Step 9: Comparing the Results

Finally, we compare the original and suppressed probabilities for each determiner token:

print('det', 'original', 'after erase kn', 'delta', sep='\t')
for det, orig_prob, prob in zip(dets, orig_probs, probs):
    print(det, f'{orig_prob.item():.3e}', f'{prob.item():.3e}', f'{(prob-orig_prob)/(orig_prob):+.2%}', sep='\t')

This block prints out:

The determiner token (det).
The original probability before neuron suppression.
The probability after suppressing the neuron.
The percentage change (delta) in probability, showing how much the suppression of the knowledge neuron affected the prediction.

Quiz 8

In the example code, you explored how suppressing a specific knowledge neuron (layer 9, neuron 1094) affects the prediction probabilities of determiners like “this”, “that”, “these”, “those”, “the”, and “some”.

Now, it’s your turn!
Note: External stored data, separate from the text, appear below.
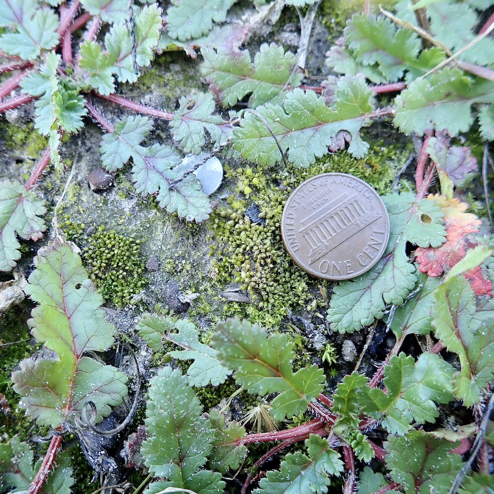 Stegonia hyalinotricha, just left of penny, on exposed soil amongst grasses, weeds and other mosses, in early February. CC BY-NC Amanda Heinrich
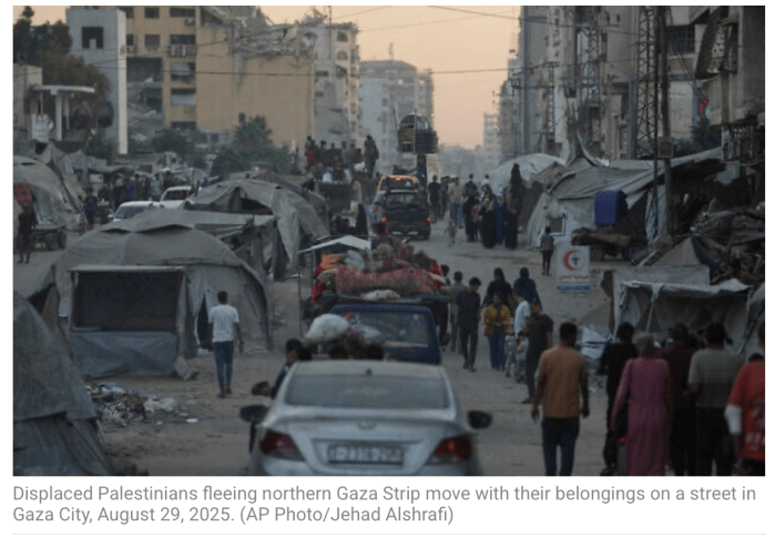Der arabisch-sprachige IDF-Sprecher Avichay Adraee hat gestern die Evakuierung aller Bürger von Gaza-City in die Mawasi Zone im Süden des Gazastreifens angeordnet. Dor würden sie alle humanitäre Unterstützung sowie medizinische Betreuung, Wasser und Lebensmittel erhalten. Gleichzeitig warnte er davor, in ein Kampfgebiet zurückzukehren, wo ihre Sicherheit nicht gegeben ist. Offenbar unternimmt die Hamas immer wieder Versuche, die Flüchtigen zum Zurückkommen zu bewegen, indem sie ihnen mitteilen, es gebe keine Evakuierungspläne und der Verbleib in Gaza sei sicher. Nach Angaben der IDF sind in den letzten 72 Stunden 70 – 80.000 Menschen in den Süden geflüchtet.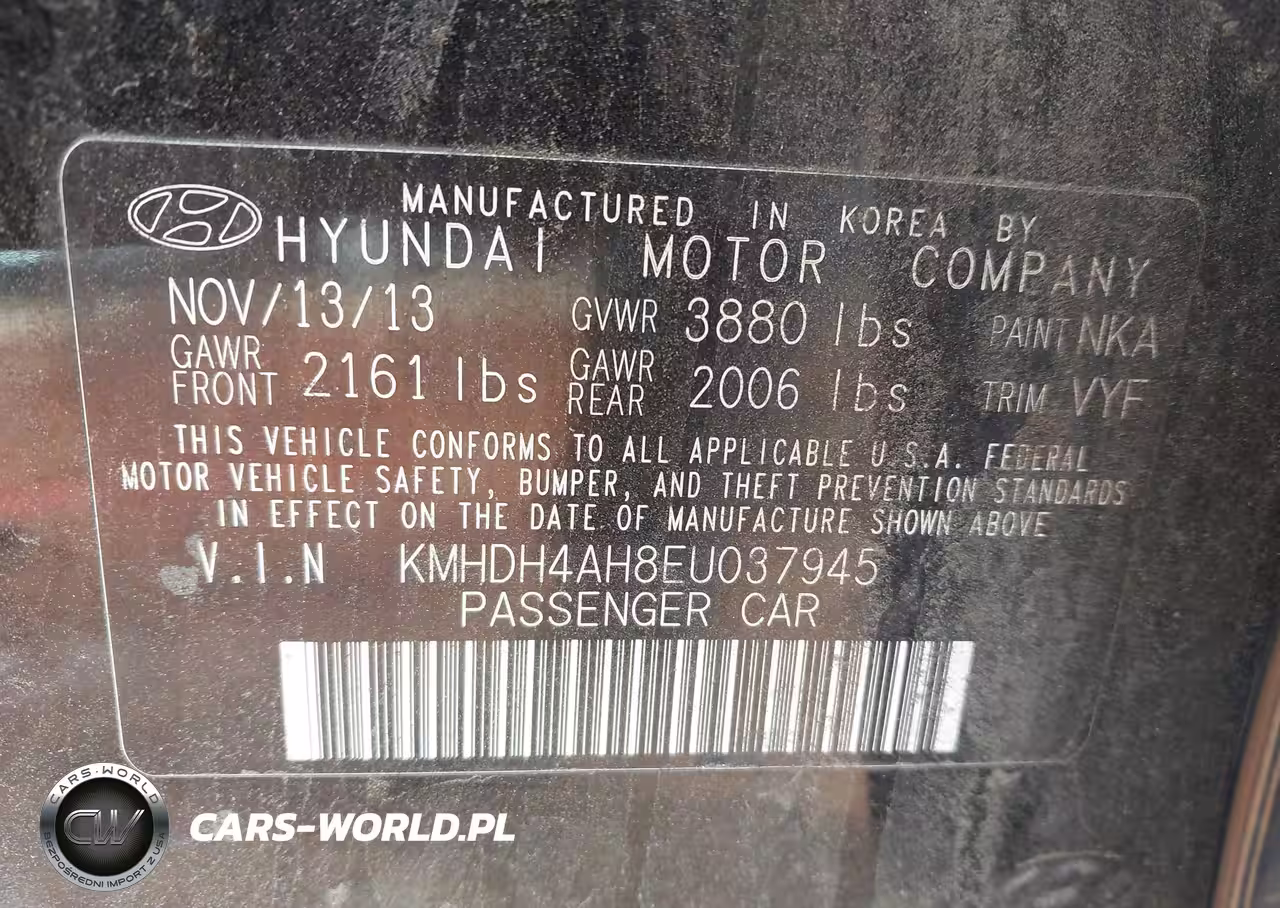 IAAI Nr: I-44547357 VIN: KMHDH4AH8EU037945 Port: Savannah, GA
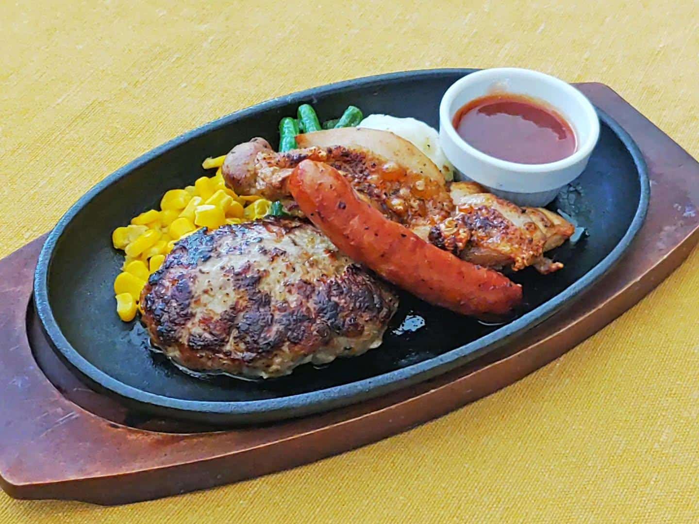 ◆ミックスグリル ハンバーグ&ケイジャンチキン&粗挽きソーセージ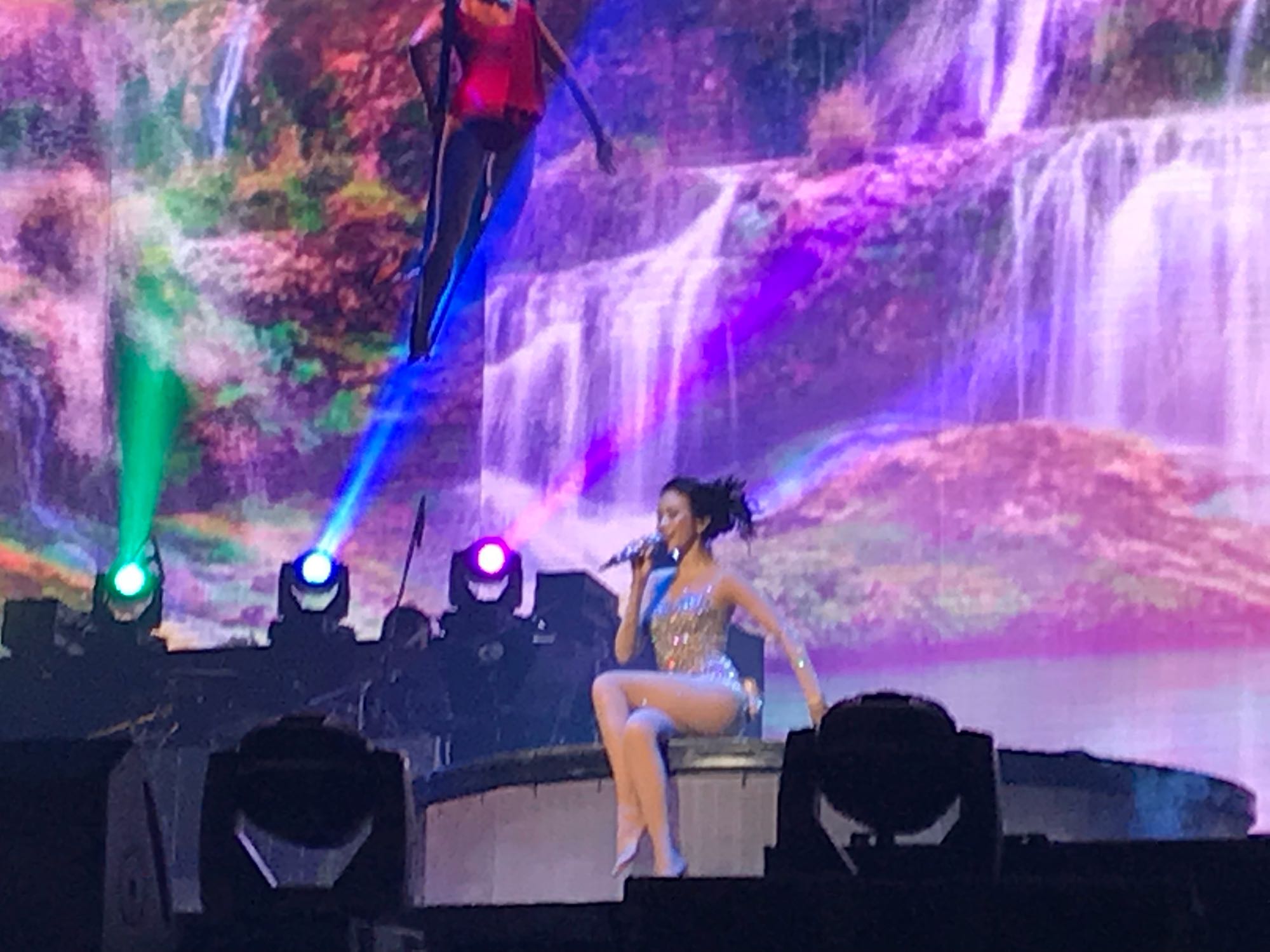 唱完之后,莫后换衣服,但好像换衣服的时候卡壳了一下,然后开始第二首——娘娘驾到。其实我一直没有很喜欢这首歌,特别是歌词颇让我...无语。但每次听到live还是觉得很有气场,很有自信,举手投足间确实很有天后的架势,也颇能带动现场气氛。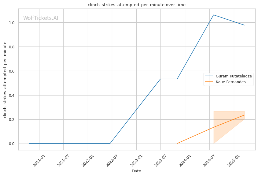 Technical striking vs. Raw power: Kutateladze brings technical variety with calculated elbow strikes, body kicks, and clinch knees, while Fernandes relies on explosive, unpredictable striking combinations.

Follow the steps below to compute and report the probability delta (the percentage change) for the determiner “a” using the sentence Raymond is selling [MASK] sketches..

Instructions

Add the determiner “a” to the list of determiners in the code.
Compute the original probability of predicting “a” for the masked token.
Suppress the knowledge neuron (layer 9, neuron 1094) as done in the example.
Compute the probability of “a” after suppressing the neuron.
Calculate the probability delta (the percentage change) using the formula:
$\text{delta} = \frac{\text{probability after suppression} - \text{original probability}}{\text{original probability}} \times 100$
Report the delta for the determiner “a”.